Collected data ->
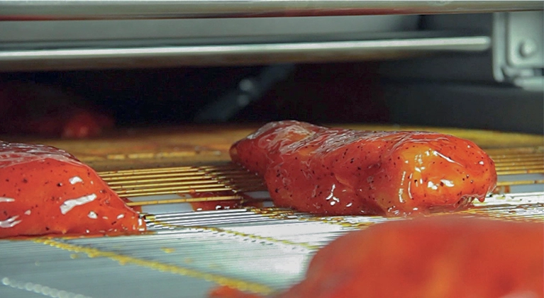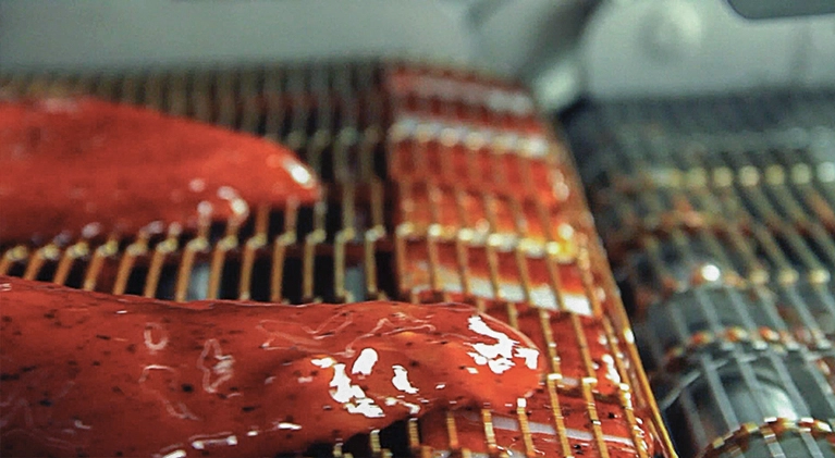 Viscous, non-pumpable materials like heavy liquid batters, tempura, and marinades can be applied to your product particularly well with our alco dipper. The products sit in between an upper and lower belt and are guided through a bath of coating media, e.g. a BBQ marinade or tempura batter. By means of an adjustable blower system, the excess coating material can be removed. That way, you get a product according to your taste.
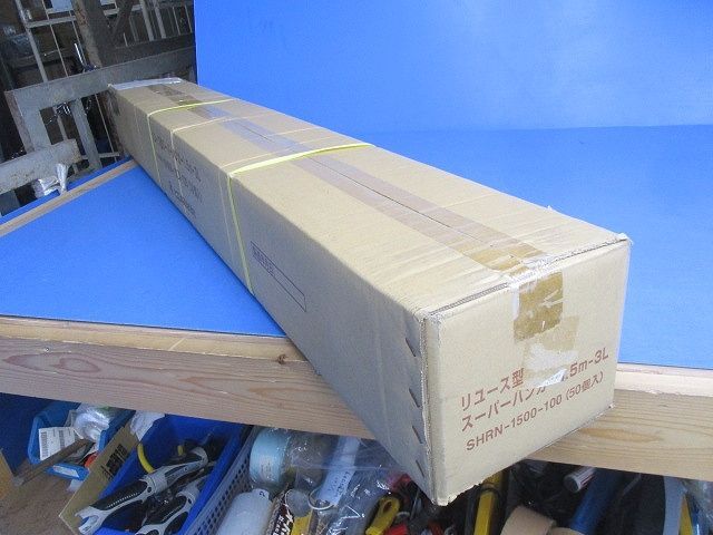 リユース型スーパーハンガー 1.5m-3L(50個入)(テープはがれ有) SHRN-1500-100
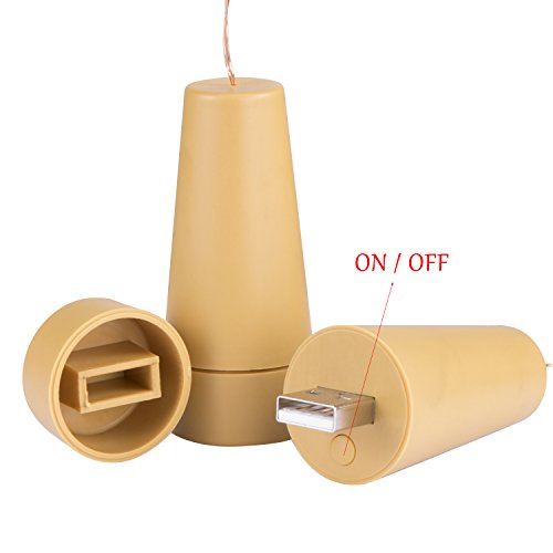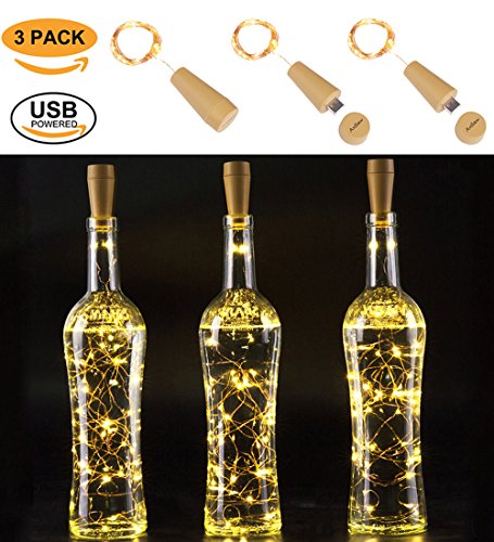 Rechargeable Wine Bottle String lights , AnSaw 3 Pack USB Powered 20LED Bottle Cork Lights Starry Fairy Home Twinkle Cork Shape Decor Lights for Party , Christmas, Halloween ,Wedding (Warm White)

Action item -> Starting with the opening line of the listing, write out each line exactly until the line that contains "リユース型スーパーハンガー 1.5m-3L(50個入)(テープはがれ有) SHRN-1500-100" has been included; skip the pictures.

Expected answer ->
 Viscous, non-pumpable materials like heavy liquid batters, tempura, and marinades can be applied to your product particularly well with our alco dipper. The products sit in between an upper and lower belt and are guided through a bath of coating media, e.g. a BBQ marinade or tempura batter. By means of an adjustable blower system, the excess coating material can be removed. That way, you get a product according to your taste.
 リユース型スーパーハンガー 1.5m-3L(50個入)(テープはがれ有) SHRN-1500-100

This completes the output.